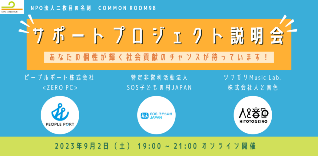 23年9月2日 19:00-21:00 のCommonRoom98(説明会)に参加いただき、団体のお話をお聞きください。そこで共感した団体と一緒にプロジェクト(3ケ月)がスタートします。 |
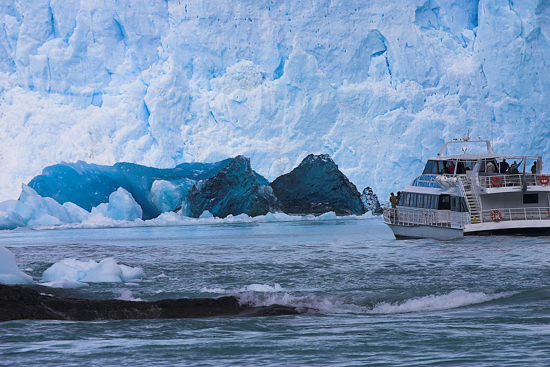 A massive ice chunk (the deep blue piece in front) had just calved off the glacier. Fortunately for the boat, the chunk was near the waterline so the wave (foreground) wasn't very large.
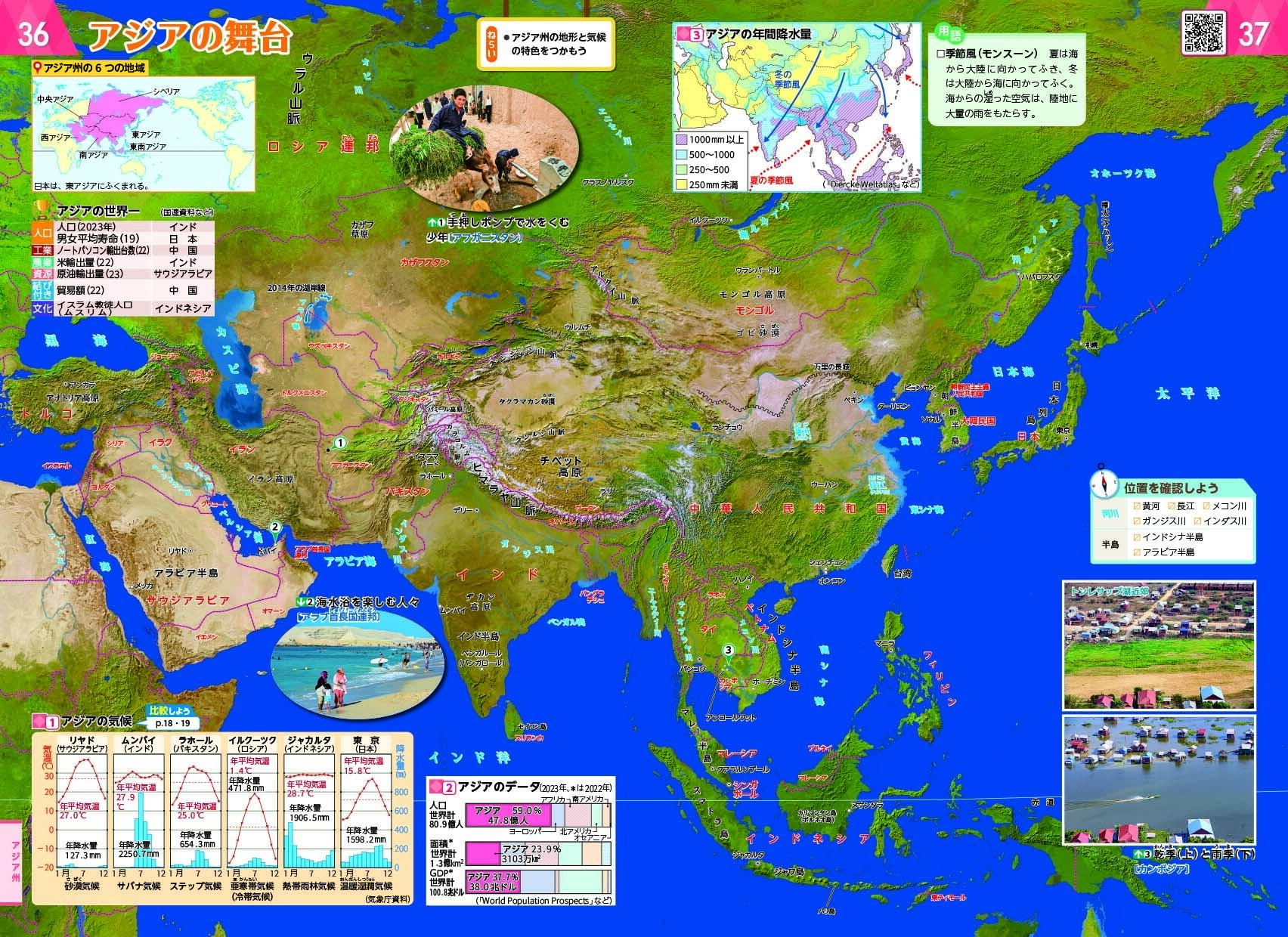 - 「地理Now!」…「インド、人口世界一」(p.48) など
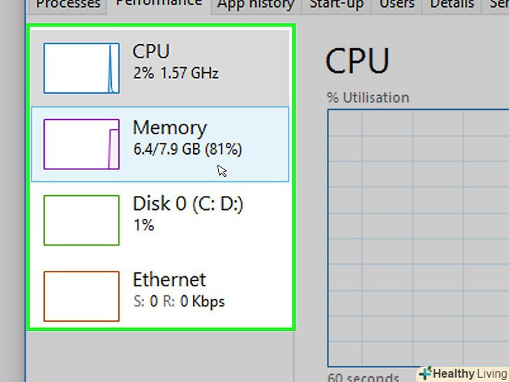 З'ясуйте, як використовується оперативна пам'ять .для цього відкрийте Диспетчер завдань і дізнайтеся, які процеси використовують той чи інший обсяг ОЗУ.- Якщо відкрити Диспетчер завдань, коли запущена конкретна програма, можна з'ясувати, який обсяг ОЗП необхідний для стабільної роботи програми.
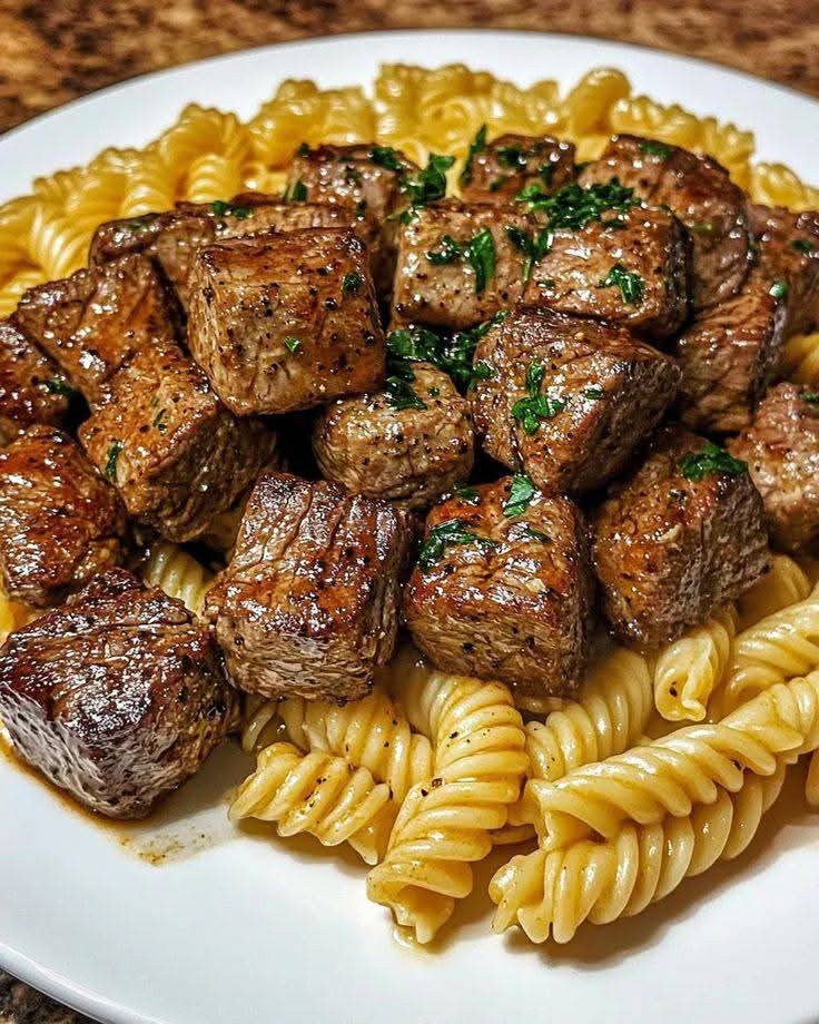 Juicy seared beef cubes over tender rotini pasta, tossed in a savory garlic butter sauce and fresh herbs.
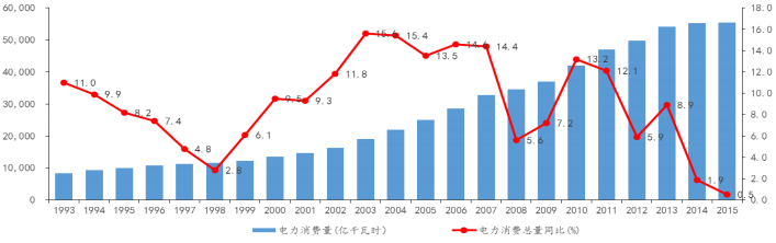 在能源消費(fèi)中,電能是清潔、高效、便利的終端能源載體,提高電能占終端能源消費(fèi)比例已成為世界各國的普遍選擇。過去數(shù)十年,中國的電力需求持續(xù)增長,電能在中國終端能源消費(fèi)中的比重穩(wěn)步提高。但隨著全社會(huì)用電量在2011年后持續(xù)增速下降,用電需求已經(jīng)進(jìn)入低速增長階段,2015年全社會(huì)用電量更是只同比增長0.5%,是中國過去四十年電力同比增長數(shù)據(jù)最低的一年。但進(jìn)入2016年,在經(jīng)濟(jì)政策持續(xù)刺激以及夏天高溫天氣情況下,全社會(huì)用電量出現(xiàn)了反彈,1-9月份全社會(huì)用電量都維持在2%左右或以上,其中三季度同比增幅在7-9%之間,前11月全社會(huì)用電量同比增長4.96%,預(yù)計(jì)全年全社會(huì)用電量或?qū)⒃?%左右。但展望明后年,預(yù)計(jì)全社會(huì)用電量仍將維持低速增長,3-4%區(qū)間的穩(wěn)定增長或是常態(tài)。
________________________________________
YOUR INSTRUCTIONS =>
Could you please return the entries above exactly, minus the pictures?

OUTPUT FOR THIS EXERCISE =>
 23年9月2日 19:00-21:00 のCommonRoom98(説明会)に参加いただき、団体のお話をお聞きください。そこで共感した団体と一緒にプロジェクト(3ケ月)がスタートします。 |
 A massive ice chunk (the deep blue piece in front) had just calved off the glacier. Fortunately for the boat, the chunk was near the waterline so the wave (foreground) wasn't very large.
 - 「地理Now!」…「インド、人口世界一」(p.48) など
 З'ясуйте, як використовується оперативна пам'ять .для цього відкрийте Диспетчер завдань і дізнайтеся, які процеси використовують той чи інший обсяг ОЗУ.- Якщо відкрити Диспетчер завдань, коли запущена конкретна програма, можна з'ясувати, який обсяг ОЗП необхідний для стабільної роботи програми.
 Juicy seared beef cubes over tender rotini pasta, tossed in a savory garlic butter sauce and fresh herbs.
 在能源消費(fèi)中,電能是清潔、高效、便利的終端能源載體,提高電能占終端能源消費(fèi)比例已成為世界各國的普遍選擇。過去數(shù)十年,中國的電力需求持續(xù)增長,電能在中國終端能源消費(fèi)中的比重穩(wěn)步提高。但隨著全社會(huì)用電量在2011年后持續(xù)增速下降,用電需求已經(jīng)進(jìn)入低速增長階段,2015年全社會(huì)用電量更是只同比增長0.5%,是中國過去四十年電力同比增長數(shù)據(jù)最低的一年。但進(jìn)入2016年,在經(jīng)濟(jì)政策持續(xù)刺激以及夏天高溫天氣情況下,全社會(huì)用電量出現(xiàn)了反彈,1-9月份全社會(huì)用電量都維持在2%左右或以上,其中三季度同比增幅在7-9%之間,前11月全社會(huì)用電量同比增長4.96%,預(yù)計(jì)全年全社會(huì)用電量或?qū)⒃?%左右。但展望明后年,預(yù)計(jì)全社會(huì)用電量仍將維持低速增長,3-4%區(qū)間的穩(wěn)定增長或是常態(tài)。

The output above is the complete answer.